Saturday, January 7, 2017

Which is More Real: Global Warming, or Jesus Christ?

An exercise in epistemology.

A recent article in the magazine Free Inquiry urged atheists to not get seduced by the theory that Jesus was a mythical creation, instead of a real person. This has been a persistent and highly interesting sub-current in the community, yet the academic consensus, even among non-believing scholars, is that Jesus really did exist. As the writer, Bill Cooke, states: "Part of the problem is that there is no convincing explanation as to why a body of mythological exegesis should have built up quite quickly around someone who never existed."

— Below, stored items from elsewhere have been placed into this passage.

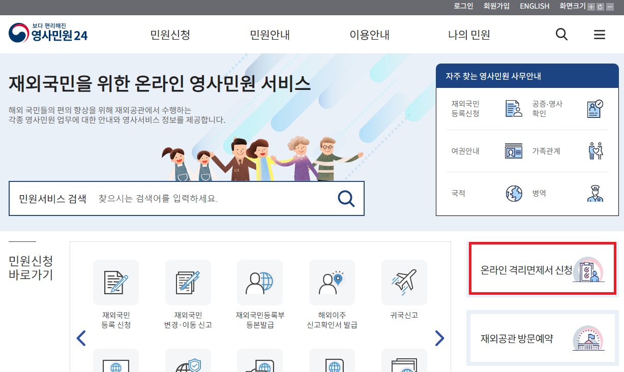 영사민원24 홈페이지에 접속하시면 오른쪽 하단쪽에 온라인 격리면제서 신청 버튼이 있을거에요. 해당 버튼을 클릭하고 들어가셔서 순서에 따라 신청 절차를 진행하시면 됩니다.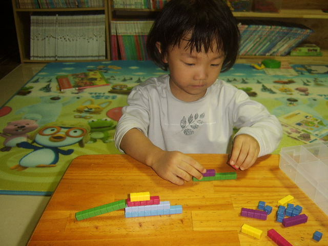 조이매스 꼬마 큐브 수준 3도 드디어 저희 집에 입성했습니다. 조이매스 꼬마 큐브는 수준이1~3까지 있답니다. 같은 교구로 교재만 따로 구입해서 할 수 있으니, 실속있어요. 큐브는 2~3조각으로 된 큐브 6개가 한 세트로, 전체 2세트로 구성되어 있어요. 교재의 수준 1은 4세부터 할 수 있고, 수준 3의 적정 연령은 만 8세이상인데, 5세인 소민이 수준에도 괜찮은 것 같아요. 물론 내용중 일부(값을 따지는 것)은 초등학년이 되어야 할 것 같은 내용도 있지만, 그것 조차도 참 재미있어 하네요. 엄마와 함께 하면 아이는 더욱 좋아하는 것 같아요.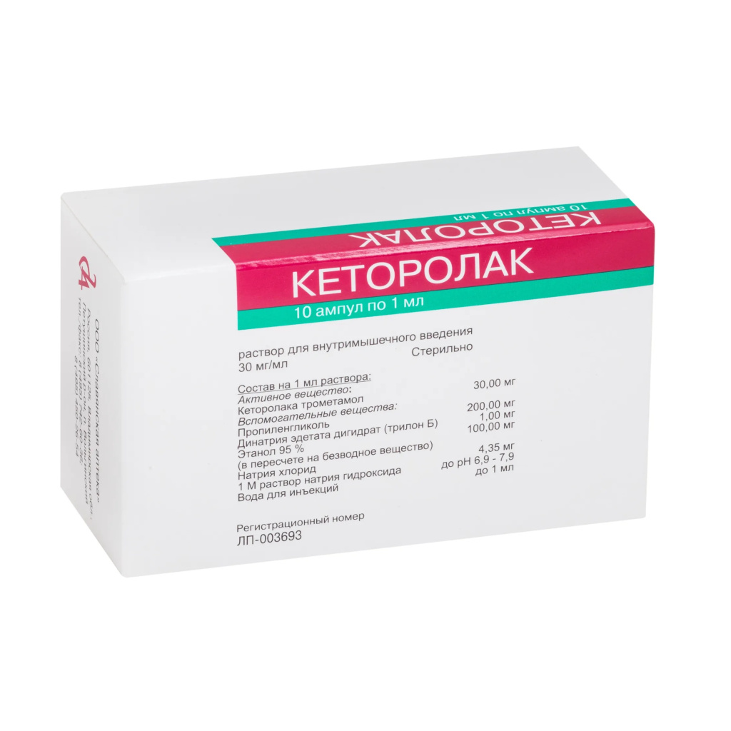Активное вещество: кеторолака трометамол (кеторолакатрометамин) - 30 мг.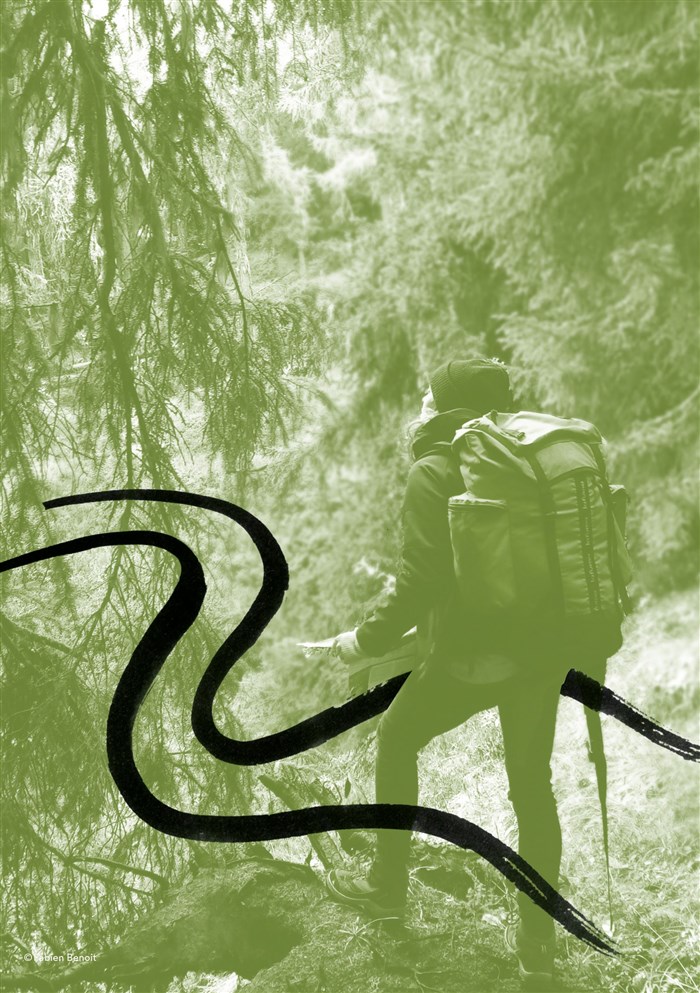 Une jeune femme est là. Elle annonce son départ, son besoin de partir seule. Equipée d'un sac à dos, d'une tente, d'une carte d'orientation et tout le matériel nécessaire pour être autonome, elle part marcher, cheminer. A-t-elle peur ? Tant pis. Ou tant mieux.

The consensus of the field is not that Jesus is entirely mythical, but rather that the religion that we have now as Christianity is mostly mythical, going far, far beyond whatever kernel Jesus provided. For example, Jesus was Jewish, and had no interest in founding a non-Jewish, let alone anti-Jewish, religion. He was likely a reforming preacher, and may possibly have presented himself as an inverted Jewish messiah. But the idea that he was god, or part of a trinity, or born on Christmas, or was resurrected, or will come again ... are total fabrications, even to discerning theologians who understand their history.

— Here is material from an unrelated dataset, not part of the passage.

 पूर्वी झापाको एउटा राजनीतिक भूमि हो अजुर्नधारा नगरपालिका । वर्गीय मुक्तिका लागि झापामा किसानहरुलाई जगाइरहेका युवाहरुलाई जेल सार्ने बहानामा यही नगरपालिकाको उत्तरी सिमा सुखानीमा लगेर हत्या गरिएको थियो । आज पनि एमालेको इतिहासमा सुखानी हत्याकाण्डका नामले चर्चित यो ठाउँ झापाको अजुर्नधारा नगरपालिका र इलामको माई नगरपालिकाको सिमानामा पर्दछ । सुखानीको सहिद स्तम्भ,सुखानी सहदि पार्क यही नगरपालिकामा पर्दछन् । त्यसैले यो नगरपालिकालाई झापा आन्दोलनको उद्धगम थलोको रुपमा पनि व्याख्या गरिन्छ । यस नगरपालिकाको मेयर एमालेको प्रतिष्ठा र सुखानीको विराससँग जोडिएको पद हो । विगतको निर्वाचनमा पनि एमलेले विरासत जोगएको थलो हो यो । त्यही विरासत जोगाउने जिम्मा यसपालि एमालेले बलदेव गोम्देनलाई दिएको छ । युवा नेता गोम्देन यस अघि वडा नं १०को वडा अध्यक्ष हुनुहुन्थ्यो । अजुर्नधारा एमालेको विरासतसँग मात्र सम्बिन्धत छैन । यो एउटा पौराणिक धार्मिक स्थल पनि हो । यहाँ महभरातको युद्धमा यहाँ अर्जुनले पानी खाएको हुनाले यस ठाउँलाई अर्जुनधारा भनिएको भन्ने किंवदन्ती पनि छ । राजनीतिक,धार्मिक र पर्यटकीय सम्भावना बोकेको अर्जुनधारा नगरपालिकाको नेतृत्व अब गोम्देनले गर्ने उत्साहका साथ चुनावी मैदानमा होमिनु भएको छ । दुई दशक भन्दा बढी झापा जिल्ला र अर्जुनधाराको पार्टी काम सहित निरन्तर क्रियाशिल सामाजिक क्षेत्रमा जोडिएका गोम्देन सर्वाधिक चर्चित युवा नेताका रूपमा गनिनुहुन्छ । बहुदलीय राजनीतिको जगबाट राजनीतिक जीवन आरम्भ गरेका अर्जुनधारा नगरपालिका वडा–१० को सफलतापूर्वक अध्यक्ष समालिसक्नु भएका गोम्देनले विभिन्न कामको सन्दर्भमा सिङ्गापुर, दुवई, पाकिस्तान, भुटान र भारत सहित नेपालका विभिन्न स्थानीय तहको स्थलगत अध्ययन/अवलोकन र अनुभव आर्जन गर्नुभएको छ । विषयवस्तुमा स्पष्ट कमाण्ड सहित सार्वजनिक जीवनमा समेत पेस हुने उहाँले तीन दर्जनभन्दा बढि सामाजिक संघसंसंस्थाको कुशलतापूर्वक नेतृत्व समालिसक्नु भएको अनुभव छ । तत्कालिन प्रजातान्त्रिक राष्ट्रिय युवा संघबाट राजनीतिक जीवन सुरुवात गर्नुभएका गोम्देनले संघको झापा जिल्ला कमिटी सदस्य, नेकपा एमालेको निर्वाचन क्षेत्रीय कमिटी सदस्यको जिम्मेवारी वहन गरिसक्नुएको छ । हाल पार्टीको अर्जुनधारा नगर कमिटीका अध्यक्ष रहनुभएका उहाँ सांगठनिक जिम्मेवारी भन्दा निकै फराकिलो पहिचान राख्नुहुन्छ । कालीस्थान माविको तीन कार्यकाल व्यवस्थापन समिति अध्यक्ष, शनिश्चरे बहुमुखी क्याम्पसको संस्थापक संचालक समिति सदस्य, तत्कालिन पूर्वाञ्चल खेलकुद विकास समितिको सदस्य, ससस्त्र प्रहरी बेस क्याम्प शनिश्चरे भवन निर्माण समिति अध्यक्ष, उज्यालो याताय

But all this gets far ahead of the point of the mythicist exercise, which is not to state in some fundamentatlist way that "Jesus never existed, so nya-nya!", but rather to point out the paucity of evidence for that existence, making of it a valid question rather than glorious certainty, and making of the Bible a multi-layered amalgam of myth, piled around a little pea which, while probably real, might also be myth.

There is no direct evidence that Jesus existed. No inscriptions, no contemporary texts, no mentions at all in any text until fifty years or more after his death. And those first mentions, by the Apostle Paul, have a curiously mythical character to them, never mentioning Jesus as a person in any distinct way, but only as the crucified apotheosis of the new movement. The Jesus seminar, to take one example, has tied itself in knots trying to figure out what slivers of the Christian corpus have anything to do with its founder.

Do electric Magi dream of animatronic gods?

So the epistemological status of Jesus as a human being is not secure, but rests, as mentioned above, on the measured judgement of historical scholars about the likelihood of this cult developing the way it did, with or without the putative founder. It is a circumstantial, and preponderance-of-evidence kind of argument, far from an empirical certainty. And the epistemological status of Jesus as a current being / target of devotion, who listens to our prayers, accepts our love from the hearts that we open to him, and will return to set everything right ... well, that is completely untethered from reality, naturally. There is no more evidence for this than there is for praying to pet rocks.

Compare this with global warming and our role in causing it, which is, ironically, the subject of wide disbelief, especially among the religious and others with financial or ideological interests in not believing it. It is, like religious belief, more or less invisible and a matter of careful inference, by a priesthood of experts with occult instruments and practices. But truly, the evidence is now available in profusion, both of its existence and its inexorable (if slow) and dire consequences.

Yet disbelief persists. If god is running things for our benefit, the earth could hardly be going to pot due our greed and negligence, could it? And anyhow, if Jesus is coming back soon, who cares? The idea that humanity will be around for thousands, even millions, or, inconceivably, billions of years into the future is foreign to a mindset where one's horizon is hardly farther than a generation past or future, and everything beyond that resides in an archetypal, dreamy haze.